*THE PROBLEM:* Quote word for word the lines below, beginning with the first and ending with the one that has "Le pape Jean-Paul". Drop the pictures.

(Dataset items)
★ ★ ★ ★ ★ ★ ★

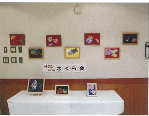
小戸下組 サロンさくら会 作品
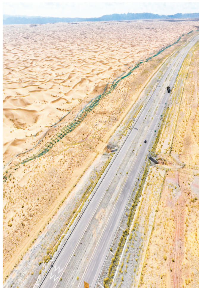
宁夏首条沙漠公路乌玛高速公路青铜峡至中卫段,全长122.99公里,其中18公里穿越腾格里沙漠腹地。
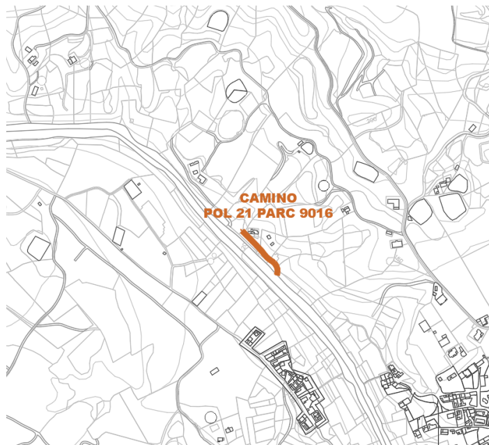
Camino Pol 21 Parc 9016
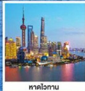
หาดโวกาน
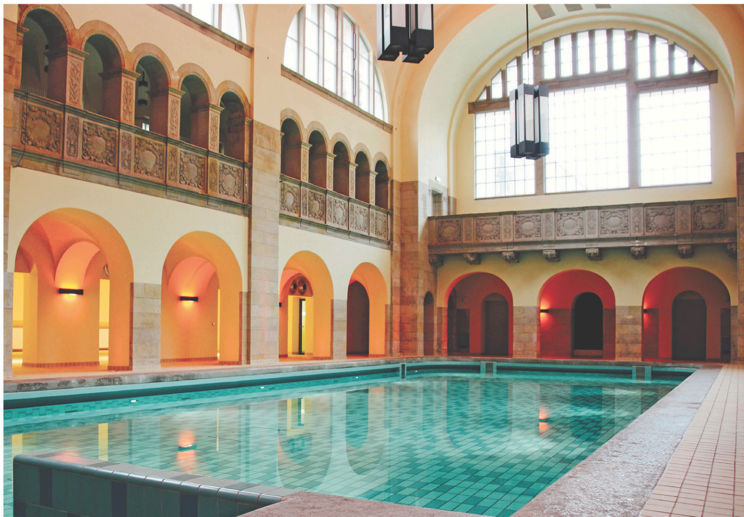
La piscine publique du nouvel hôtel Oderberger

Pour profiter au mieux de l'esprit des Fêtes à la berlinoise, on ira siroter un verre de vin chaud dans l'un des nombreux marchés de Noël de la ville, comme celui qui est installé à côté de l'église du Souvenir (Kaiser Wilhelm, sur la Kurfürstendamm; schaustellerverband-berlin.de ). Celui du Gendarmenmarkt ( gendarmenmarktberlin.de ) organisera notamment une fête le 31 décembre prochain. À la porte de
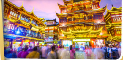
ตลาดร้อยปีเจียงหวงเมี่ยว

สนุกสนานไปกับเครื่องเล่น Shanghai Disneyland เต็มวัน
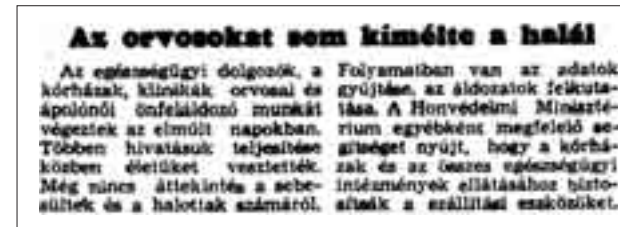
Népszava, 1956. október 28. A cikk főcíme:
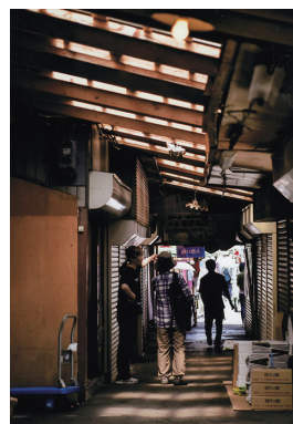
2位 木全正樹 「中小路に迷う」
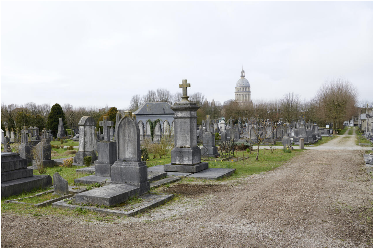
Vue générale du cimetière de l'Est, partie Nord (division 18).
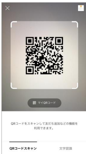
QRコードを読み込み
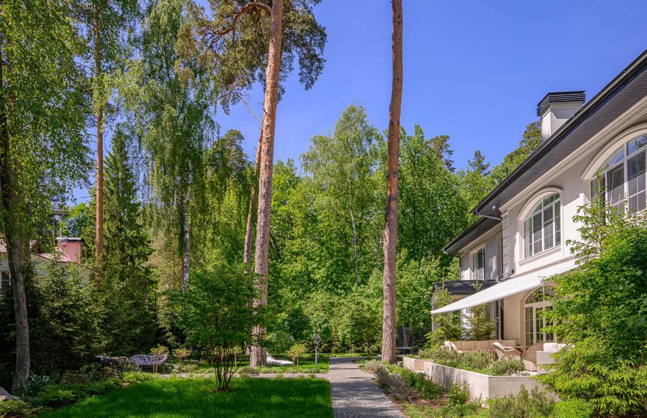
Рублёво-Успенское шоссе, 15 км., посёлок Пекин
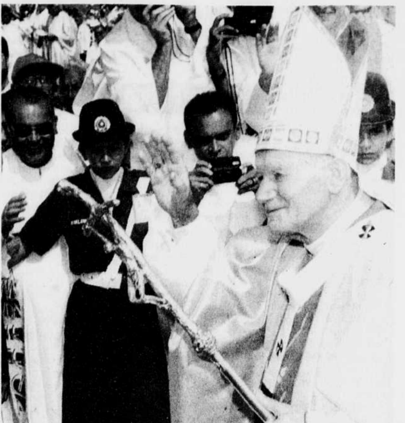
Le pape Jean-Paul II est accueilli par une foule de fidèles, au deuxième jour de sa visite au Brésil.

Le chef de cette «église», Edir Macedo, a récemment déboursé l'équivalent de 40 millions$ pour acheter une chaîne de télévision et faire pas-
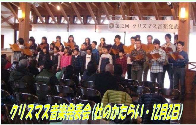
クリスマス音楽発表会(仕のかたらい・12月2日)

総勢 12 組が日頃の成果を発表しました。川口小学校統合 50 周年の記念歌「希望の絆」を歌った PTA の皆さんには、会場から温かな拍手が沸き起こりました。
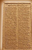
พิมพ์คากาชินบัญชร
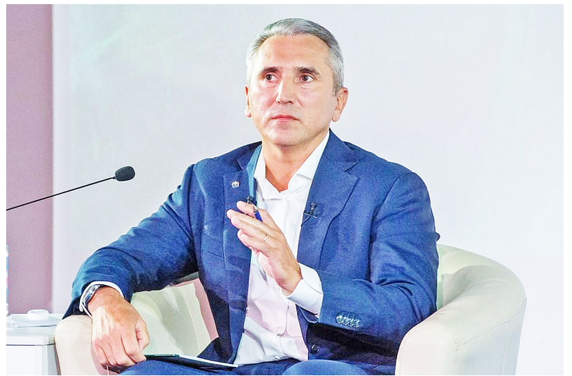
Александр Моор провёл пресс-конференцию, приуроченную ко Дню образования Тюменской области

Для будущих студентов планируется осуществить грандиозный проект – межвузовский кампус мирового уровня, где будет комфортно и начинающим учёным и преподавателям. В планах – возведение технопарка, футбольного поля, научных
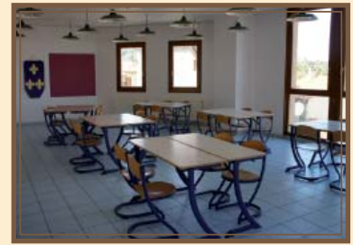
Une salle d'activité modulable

★ ★ ★ ★ ★ ★ ★

*SOLUTION TO THIS EXERCISE:*
小戸下組 サロンさくら会 作品
宁夏首条沙漠公路乌玛高速公路青铜峡至中卫段,全长122.99公里,其中18公里穿越腾格里沙漠腹地。
Camino Pol 21 Parc 9016
หาดโวกาน
La piscine publique du nouvel hôtel Oderberger

Pour profiter au mieux de l'esprit des Fêtes à la berlinoise, on ira siroter un verre de vin chaud dans l'un des nombreux marchés de Noël de la ville, comme celui qui est installé à côté de l'église du Souvenir (Kaiser Wilhelm, sur la Kurfürstendamm; schaustellerverband-berlin.de ). Celui du Gendarmenmarkt ( gendarmenmarktberlin.de ) organisera notamment une fête le 31 décembre prochain. À la porte de
ตลาดร้อยปีเจียงหวงเมี่ยว

สนุกสนานไปกับเครื่องเล่น Shanghai Disneyland เต็มวัน
Népszava, 1956. október 28. A cikk főcíme:
2位 木全正樹 「中小路に迷う」
Vue générale du cimetière de l'Est, partie Nord (division 18).
QRコードを読み込み
Рублёво-Успенское шоссе, 15 км., посёлок Пекин
Le pape Jean-Paul II est accueilli par une foule de fidèles, au deuxième jour de sa visite au Brésil.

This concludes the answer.